Kyou Sik Min: I’d like to say ‘do anything, whenever allowed'. Everything you do will come back to you as help to your future self. I feel great pleasure whenever I experience a helping hand from myself in the past.
Also, ask for help from others when you need it. Offer help to others when they need it.
Have patience and responsibility in your business. Believe that you can make the world a better place by succeeding in your business.
GEN: What were your expectations when you signed up for the Entrepreneurship World Cup?
Kyou Sik Min: I wanted to participate in EWC to network and get business cards from outside of South Korea. Because I am not a fluent English speaker, I expected nothing at first. My only goal was not to be humiliated. I would have been satisfied if I met even one person at EWC who believes my challenge can be realized and that TODOC can make the world better.
GEN: What was it like to pitch in the global finals?

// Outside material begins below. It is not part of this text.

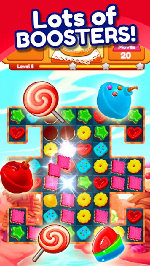 * Sweet supply of power-ups and boosters that will help you pass blast through the challenges and reach the level target.
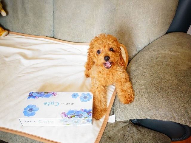 大きさをティッシュ箱と比較・小ぶり子犬

Kyou Sik Min: I was satisfied to be one of 25 finalists, so I really enjoyed the final pitch without any expectations or burdens.
GEN: What did it feel like to win?
Kyou Sik Min: I felt something incredible was happening around me. Every finalist was amazing and I was happy to be one of them. Every participant deserved to win, but I was really lucky. Thank you to everyone I met during EWC. I made friends from countless countries, shared our vision and felt empathy among entrepreneurs. I feel the responsibility that comes with winning such an invaluable prize.
GEN: How has the prize money and the Entrepreneurship World Cup experience impacted you and your company?
Kyou Sik Min: Thanks to the prize money, I was able to make several aggressive decisions just after winning. I offered a chief financial officer position to Dongwoo Kim, the former Asia Pacific business development managing director of Medtronic Korea, which is the largest med-tech giant in the world. He has become the most enthusiastic member of TODOC.
It also helped me to gain credibility as a founder and CEO. My team is proud.
What’s more, I also received press coverage and actively appealed to get an R&D grant in South Korea. Last month, TODOC won as much as $3.5 million in R&D funding from the Korean government to commercialize our 32-channel cochlear implant within four years.
Several other investment consultations are in process. We are trying to raise $5 million in investments for this round.
GEN: What’s next for yourself and your company?
Kyou Sik Min: TODOC will start clinical trials at the end of this year. The data collected from the study will be the first 32-channel cochlear implant clinical data in 40-years. We will present it at one of the biggest cochlear implant conferences in 2023. That is going to change many things in the cochlear implant industry.
TODOC will also actively explore the emerging markets where cochlear implants are rarely attainable. And we hope many people with severe hearing loss in those locations will be able to afford the cochlear implant easier than before.
After commercializing, we will continue to make cochlear implants cheaper and apply our learnings to other medical devices.